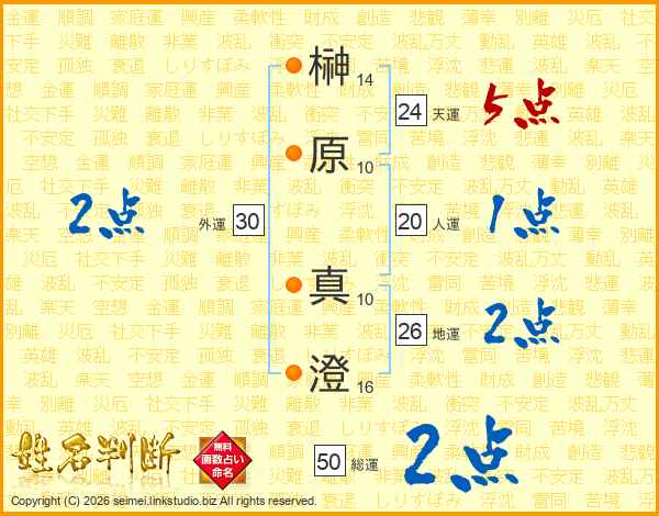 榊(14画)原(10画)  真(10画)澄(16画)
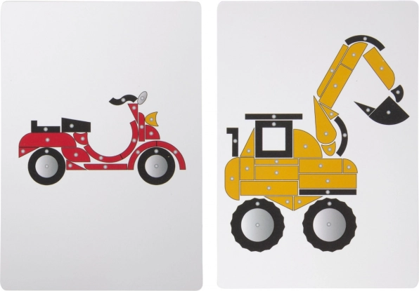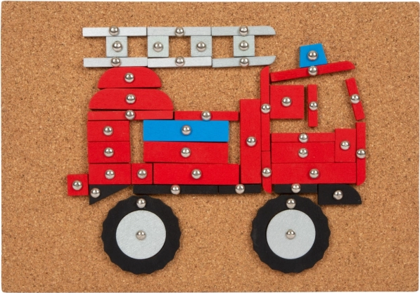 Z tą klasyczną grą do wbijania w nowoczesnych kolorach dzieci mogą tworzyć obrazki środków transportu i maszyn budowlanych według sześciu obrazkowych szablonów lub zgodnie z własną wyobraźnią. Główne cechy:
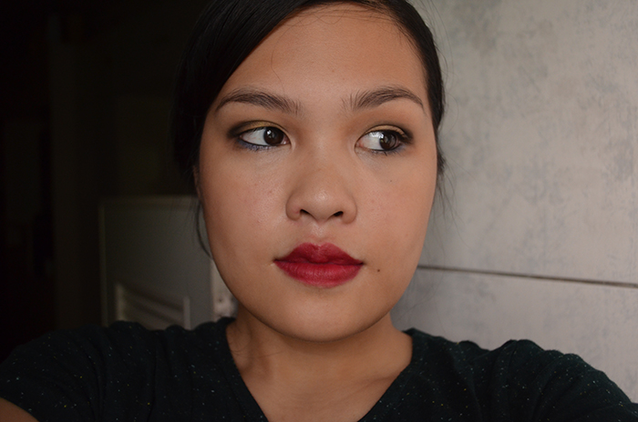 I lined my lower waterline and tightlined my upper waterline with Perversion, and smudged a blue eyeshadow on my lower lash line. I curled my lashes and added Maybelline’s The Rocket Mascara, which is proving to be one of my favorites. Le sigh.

--------------------------------

All lines above must be repeated exactly, and the pictures must be omitted.

 榊(14画)原(10画)  真(10画)澄(16画)
 Z tą klasyczną grą do wbijania w nowoczesnych kolorach dzieci mogą tworzyć obrazki środków transportu i maszyn budowlanych według sześciu obrazkowych szablonów lub zgodnie z własną wyobraźnią. Główne cechy:
 I lined my lower waterline and tightlined my upper waterline with Perversion, and smudged a blue eyeshadow on my lower lash line. I curled my lashes and added Maybelline’s The Rocket Mascara, which is proving to be one of my favorites. Le sigh.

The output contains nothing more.